◆ **DATASET CONTENT**:
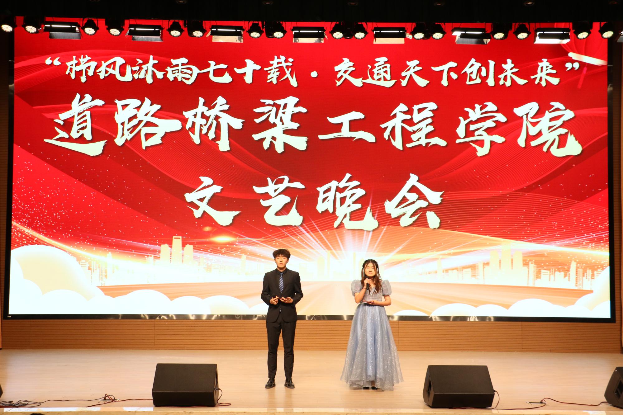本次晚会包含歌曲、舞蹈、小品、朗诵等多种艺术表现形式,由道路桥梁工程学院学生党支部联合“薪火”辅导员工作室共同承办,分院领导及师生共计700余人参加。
==
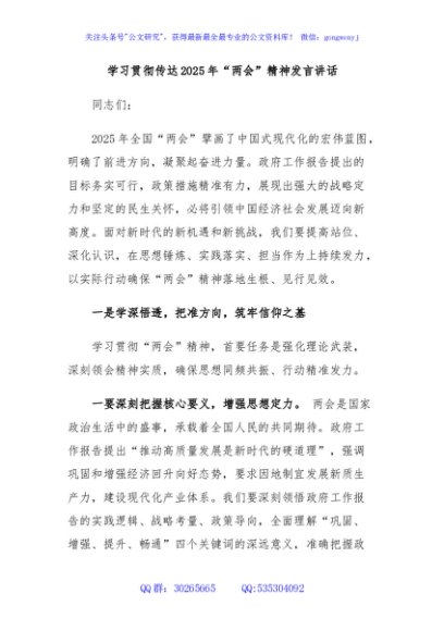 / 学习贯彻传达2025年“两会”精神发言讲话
---
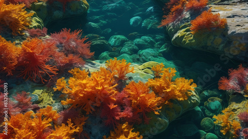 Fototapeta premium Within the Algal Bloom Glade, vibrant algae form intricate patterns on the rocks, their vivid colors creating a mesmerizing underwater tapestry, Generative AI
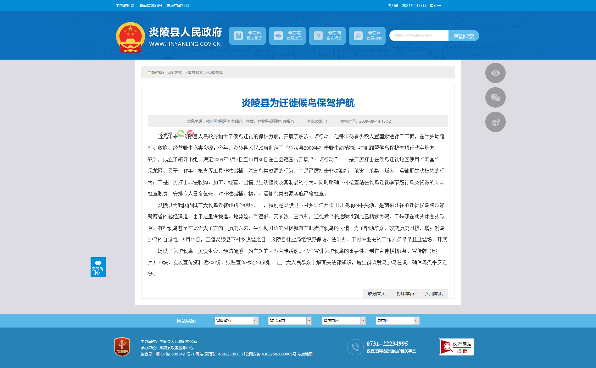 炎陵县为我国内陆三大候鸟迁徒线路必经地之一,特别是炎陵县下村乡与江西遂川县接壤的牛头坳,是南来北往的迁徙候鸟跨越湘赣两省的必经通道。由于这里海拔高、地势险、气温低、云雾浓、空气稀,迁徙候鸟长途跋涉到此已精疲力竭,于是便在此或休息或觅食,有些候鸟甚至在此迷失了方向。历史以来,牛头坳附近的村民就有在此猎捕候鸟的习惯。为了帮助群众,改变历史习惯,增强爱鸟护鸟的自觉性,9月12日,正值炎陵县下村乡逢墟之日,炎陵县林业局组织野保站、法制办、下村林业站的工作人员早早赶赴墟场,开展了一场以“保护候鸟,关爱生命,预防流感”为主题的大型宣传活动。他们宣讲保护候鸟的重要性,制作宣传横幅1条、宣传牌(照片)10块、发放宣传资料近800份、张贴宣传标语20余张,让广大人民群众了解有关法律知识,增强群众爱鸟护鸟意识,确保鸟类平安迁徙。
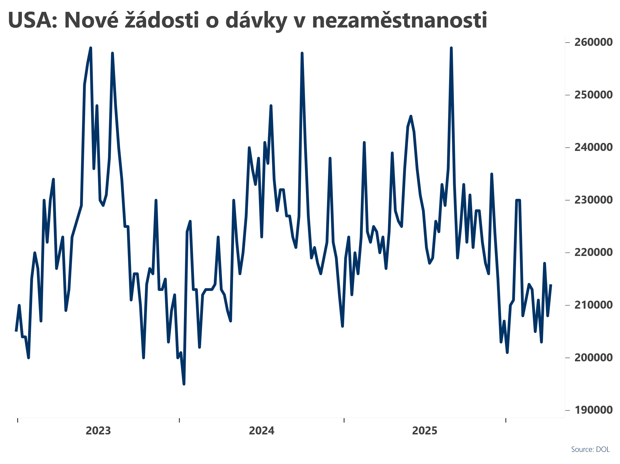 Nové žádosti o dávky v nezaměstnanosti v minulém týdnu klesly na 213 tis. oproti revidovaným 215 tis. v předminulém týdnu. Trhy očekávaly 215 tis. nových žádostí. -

◆ **AIM OF THE EXERCISE**: Beginning with the line holding "炎陵县为我国内陆三大候鸟迁徒" in the material above, restate word for word each line through the line holding "Nové žádosti o", and exclude pictures.

◆ **OUTPUT FOR THIS TASK**:
 炎陵县为我国内陆三大候鸟迁徒线路必经地之一,特别是炎陵县下村乡与江西遂川县接壤的牛头坳,是南来北往的迁徙候鸟跨越湘赣两省的必经通道。由于这里海拔高、地势险、气温低、云雾浓、空气稀,迁徙候鸟长途跋涉到此已精疲力竭,于是便在此或休息或觅食,有些候鸟甚至在此迷失了方向。历史以来,牛头坳附近的村民就有在此猎捕候鸟的习惯。为了帮助群众,改变历史习惯,增强爱鸟护鸟的自觉性,9月12日,正值炎陵县下村乡逢墟之日,炎陵县林业局组织野保站、法制办、下村林业站的工作人员早早赶赴墟场,开展了一场以“保护候鸟,关爱生命,预防流感”为主题的大型宣传活动。他们宣讲保护候鸟的重要性,制作宣传横幅1条、宣传牌(照片)10块、发放宣传资料近800份、张贴宣传标语20余张,让广大人民群众了解有关法律知识,增强群众爱鸟护鸟意识,确保鸟类平安迁徙。
 Nové žádosti o dávky v nezaměstnanosti v minulém týdnu klesly na 213 tis. oproti revidovaným 215 tis. v předminulém týdnu. Trhy očekávaly 215 tis. nových žádostí. -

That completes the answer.